As Dudrah points out, it’s also sung by supporters of India’s cricket team during matches, becoming a Bharat Army anthem. Why has it endured? “Yeh Dosti cemented the place of Sholay’s two lovable rogues, Jai and Veeru, in Indian cinema and South Asian popular culture,” he explains.

    Here was a masculinity to aspire to, that looked good, took on the system, was all action, wasn’t afraid of opening up and you could sing along with

“Jai and Veeru are drastically stylish guys – Amitabh looks fantastic in denim and flares, both have rugged good looks and impressive physiques and they became icons of South Asian masculinity,” says Dudrah. “Don’t forget for South Asians in Britain and America in the 1970s and 1980s, images like this weren’t available in mainstream media and racism was part of daily life. Yet here was a masculinity to aspire to, that looked good, took on the system, was all action, wasn’t afraid of opening up and you could sing along with.”
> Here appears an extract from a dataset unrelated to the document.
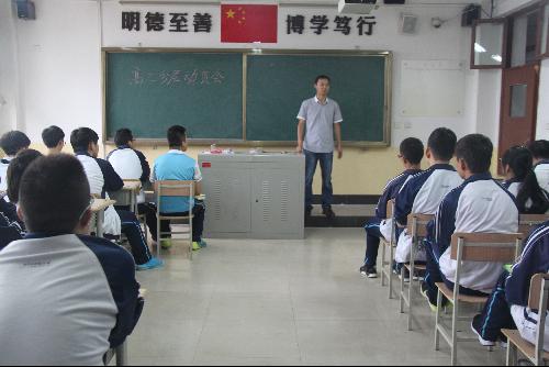 9月17日—9月18日,高三进行了第一次练考,成绩出来后各班通过各种方式对本次练考进行了总结与反思,老师们普遍感到学生学习的积极性还不够高,为了进一步调动学生复课的自觉性,政教处和年级组商议对高三学生分四个层次进行动员,理科重点班(高三1班)、理科实验班(高三2班、3班、4班、5班)、理科普通班(高三6班、7班)、文科班(高三8班、9班),班主任负责组织,教研室主任陈军老师、政教处副主任徐恒明老师及高三年级组长李恩良老师参加了动员会,并作重要动员,一股浓厚的复课氛围正全年级悄然形成。

Despite being a mainstream blockbuster, Sholay is strikingly progressive, perhaps even subversive. Dudrah highlights how the relationship between Veeru and his love interest Basanti (Hema Malini) is removed from family and unfolds away from community – “it’s a utopian space for young lovers”. Chopra is struck by “Thakur actively matchmaking his widowed daughter-in-law with a criminal [Jai] because he knows this is where her happiness lies”.